Po części się zgodzę. Miejsce pochodzenia nie jest wystarczającym kryterium oceny. Problem jednak polega na tym że w przypadku ludzi z Rzeczowa nie ma za co ich oceniać, nic dobrego nie zrobili, bo nic po prostu nie umieli. O braku jakiegokolwiek stylu i przedmiotowym traktowaniu ludzi nie wspomnę.
Nigdzie nie ma ideałów. Nie wiem kiedy i w jakich okolicznościach poznałeś/pracowałeś z współpracownikami z Rzeszowa ale Twoja ocena mierzenia wszystkich jedną miarą dla wielu z nas jest krzywdząca a Twoje stanowisko wpisuje się w aktualną narrację nie ważne kim jesteś ale byłeś z stamtąd jesteś taki sam/ współwinny. Popatrz na wyniki Oddziałów i parę wskaźników ekonomicznych z okresu kiedy Ci negatywni też byli kreowani ii sądzę że lekko zmodyfikujesz swoje myślenie a odpowiedzialność grupowa już dawno winna odejść do lamusa
Spuść powietrze, przecież tu się nie krytykuje kadry inżynierskiej, czy pracowników z Rzeszowa, tylko managerów którzy [ i tu się sam ocenzuruję].

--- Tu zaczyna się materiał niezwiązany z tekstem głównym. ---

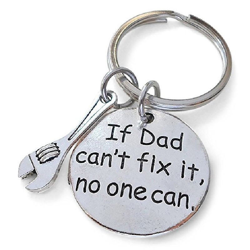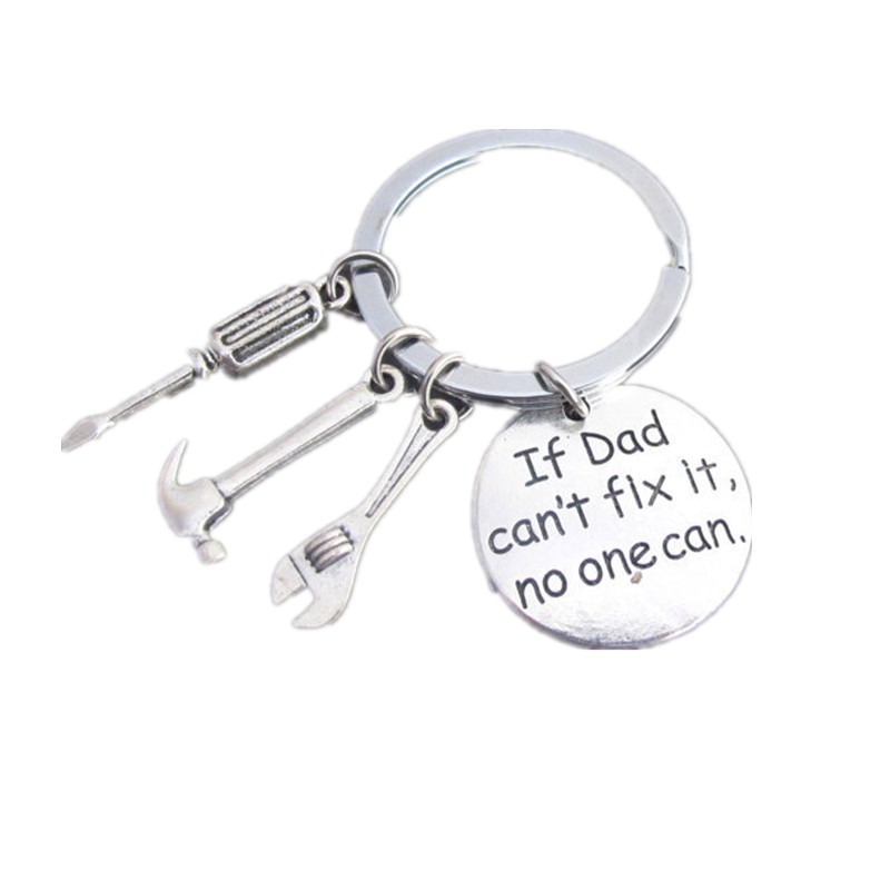 Celebrate the handyman in your life with this charming keychain that honors Dad’s fixing skills. Made from shiny alloy, it showcases a round tag engraved with “If Dad can’t fix it, no one can,” accompanied by miniature tool charms—a screwdriver, hammer, and wrench.

Podczas pandemii wiele osób ze Skanska SA na budowach mogło by pracować zdalnie. Tak się nie zawsze dzieje. Osoby pracują co prawda podzielone w zespołach, tak aby budowa „szła” do przodu (zespoły stworzone tak, tak aby na wypadek zachorowania jednej osoby w zespole, cały zespol szedł chorować czy na tez szedł na kwarantannę), ale to wyglada nie na troskę o życie członków zespołu, a na ciągłość biznesu i kontynuacje prac nie przerywając budowy. Pojawia się pytanie czy Skanska troszczy się o życie, jak głosi na swoich banerach? Wiele z osób w Skanska SA zajmujących się kontraktacją czy tez elektroniczną częścią budowy zamiast siedzieć na budowie, mogło by być na budowie rzadziej (może jeden dzień w tygodniu / może parę godzin), pozostały czas pracując zdalnie. Tak ku refleksji...

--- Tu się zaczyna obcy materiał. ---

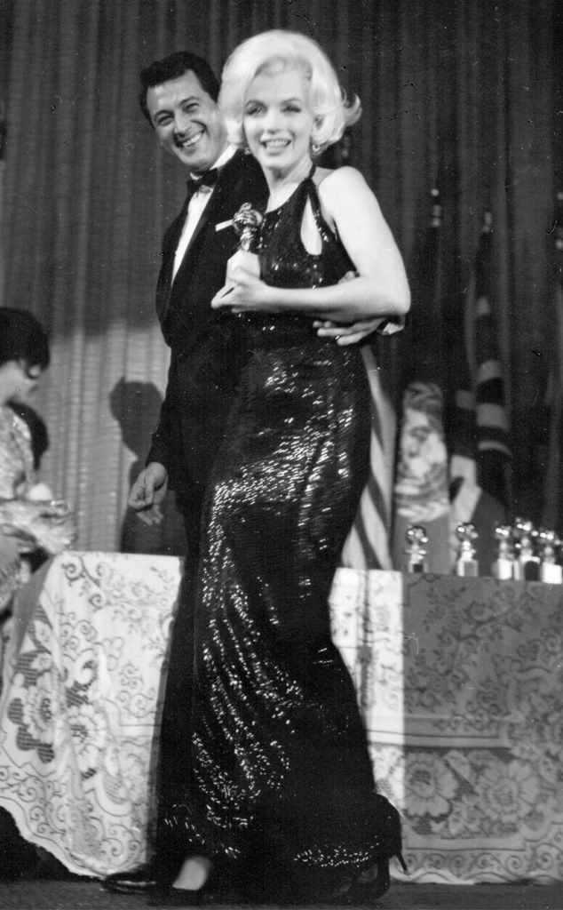 • The shim­mer­ing gold lamé pleat­ed gown that cap­tured her allure in por­traits, and the emer­ald sequined dress she wore to the 1962 Gold­en Globes.

Pamiętacie Sztruksa i tego małego po zawalach? I ich Boreliozę, co gnebila ludzi? To dopiero była ekipa... jeszcze trochę i polecenia wydawałaby mi pracownica ze straganu, tak to sb działało
Jak tam pranko bani usluteczniane za moich czasów? Nadal trzymają wysoki poziom manipulacji, czy wraz z odejściem Sztruksa i Zawałowca, nieco się uspokoiło?
A jak to teraz po tych zmianach? Czy w planach jest, że zarząd będzie tylko po czesku (i słowacku) mówił?
Słabo to wygląda. Miesiąc temu powiedziano, że swietlana przyszłość nas czeka i żebyśmy się tylko nie zwalniali a tymczasem tydzień temu z 10 na budowie zostało 6. Reszta z dnia na dzień została pogoniona. Zdaj komputer, zaliczkę, auto, do widzenia. A poumawiane spotkania z Zamawiającym, Dostawcami, Podwykonawcami? To już nie Twój problem. Pogonili ludzi z uprawnieniami, których dwa lata temu tak bardzo szukali, kazali wołać znajomych... Szkoda straconych lat.
Dlaczego zmieniliscie nazwę? Z poprzedniej już się wszyscy śmiali?
Jak tam wasze monitoringi w mieszkaniach służbowych?